Leave the images out. Give every line below again, precisely.

Dataset items:
+++
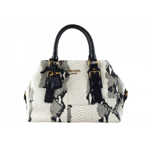 Sac cabas Prada en cuir de python blanc et noir
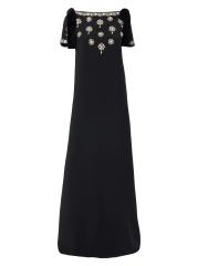 من مجموعة الشاليه. يُعد فستان Carolina Herrera المصنوع من الكريب على شكل حرف A قطعة راقية وفخمة، وقد تم تزيينه بشكل معقد بميداليات من اللؤلؤ الصناعي والكريستال والخرز على الصدر والياقة والأساور. تضيف الأقواس المخملية الرقيقة عند الكتفين لمسة نهائية من الأناقة لهذا النمط الخالد.
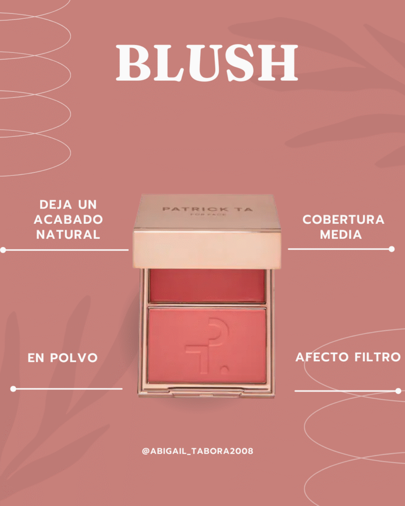BLUSH PATRICK TA , PERFECTA PIGMENTACION , ACABADO NATURAL , DISPONIBLE EN TODOS SUS TONOS.
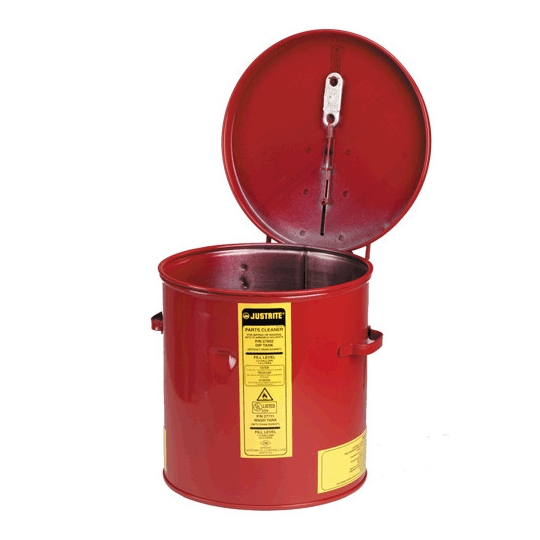Pojemniki Justrite do mycia i czyszczenia małych podzespołów w miejscu pracy. Pojemniki te stosuje się wszędzie tam gdzie jest konieczność mycia małych elementów bez opuszczania miejsca pracy np. przy linii produkcyjnej.
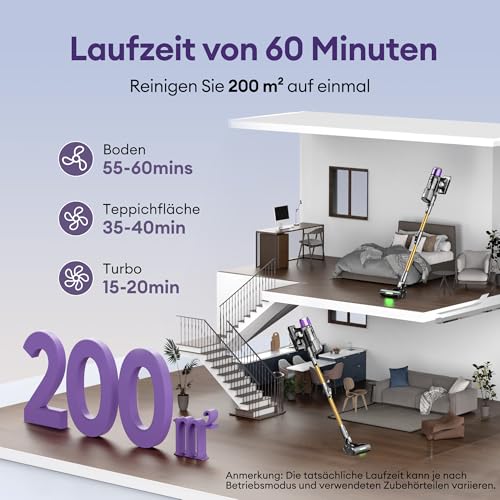 60 MIN VERMOGEN: De lithium-ionbatterij met 8 cellen biedt tot 60 minuten continu schoonmaakwerk tot 200 m². Dankzij 3 modi (Turbo / Tapijt / Harde vloer) en een display dat de resterende tijd aangeeft, past het vermogen zich op intelligente wijze aan de beschikbare energie aan, waardoor je totale controle hebt over je schoonmaaksessie
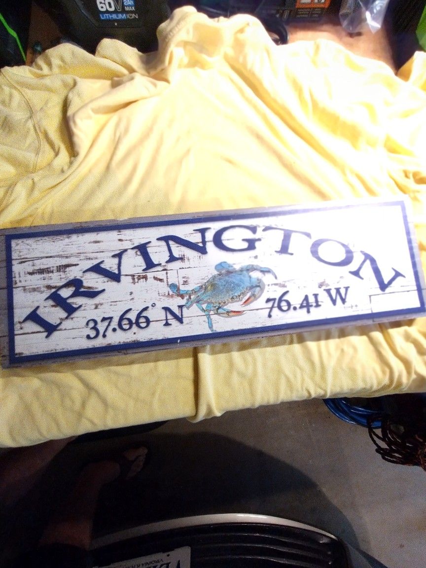 Wood Wall Plaque. Irvington Virginia; located in the Northern Neck area. Wall hanger on back . Made in the USA. Nice decorative piece. Cash only. Pick up near Berrywood Rd Virginia Beach
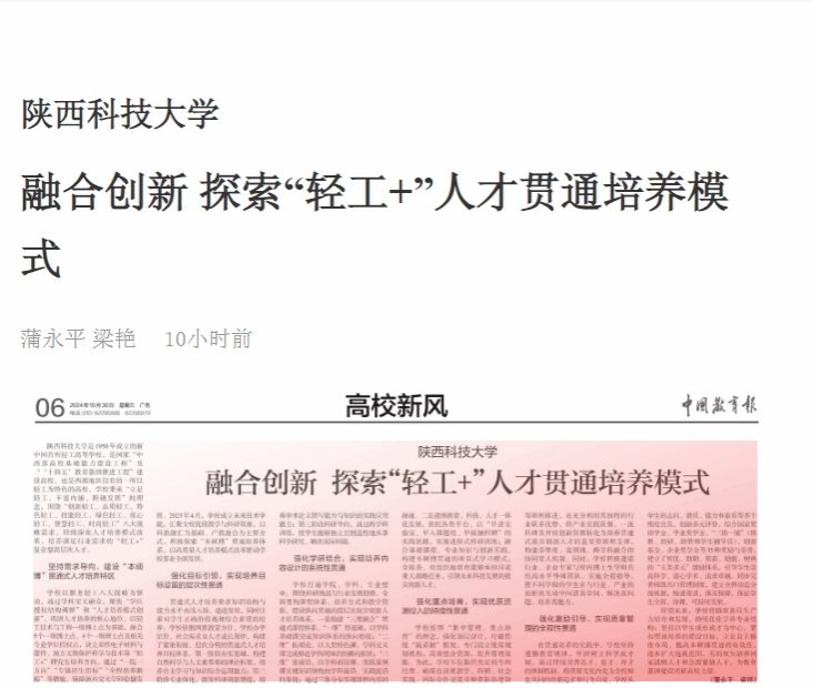 近日,《中國教育報》報道我校融合創新,探索“輕工+”人才貫通培養模式。
+++
_EXERCISE OUTPUT_:
 Sac cabas Prada en cuir de python blanc et noir
 من مجموعة الشاليه. يُعد فستان Carolina Herrera المصنوع من الكريب على شكل حرف A قطعة راقية وفخمة، وقد تم تزيينه بشكل معقد بميداليات من اللؤلؤ الصناعي والكريستال والخرز على الصدر والياقة والأساور. تضيف الأقواس المخملية الرقيقة عند الكتفين لمسة نهائية من الأناقة لهذا النمط الخالد.
BLUSH PATRICK TA , PERFECTA PIGMENTACION , ACABADO NATURAL , DISPONIBLE EN TODOS SUS TONOS.
Pojemniki Justrite do mycia i czyszczenia małych podzespołów w miejscu pracy. Pojemniki te stosuje się wszędzie tam gdzie jest konieczność mycia małych elementów bez opuszczania miejsca pracy np. przy linii produkcyjnej.
 60 MIN VERMOGEN: De lithium-ionbatterij met 8 cellen biedt tot 60 minuten continu schoonmaakwerk tot 200 m². Dankzij 3 modi (Turbo / Tapijt / Harde vloer) en een display dat de resterende tijd aangeeft, past het vermogen zich op intelligente wijze aan de beschikbare energie aan, waardoor je totale controle hebt over je schoonmaaksessie
 Wood Wall Plaque. Irvington Virginia; located in the Northern Neck area. Wall hanger on back . Made in the USA. Nice decorative piece. Cash only. Pick up near Berrywood Rd Virginia Beach
 近日,《中國教育報》報道我校融合創新,探索“輕工+”人才貫通培養模式。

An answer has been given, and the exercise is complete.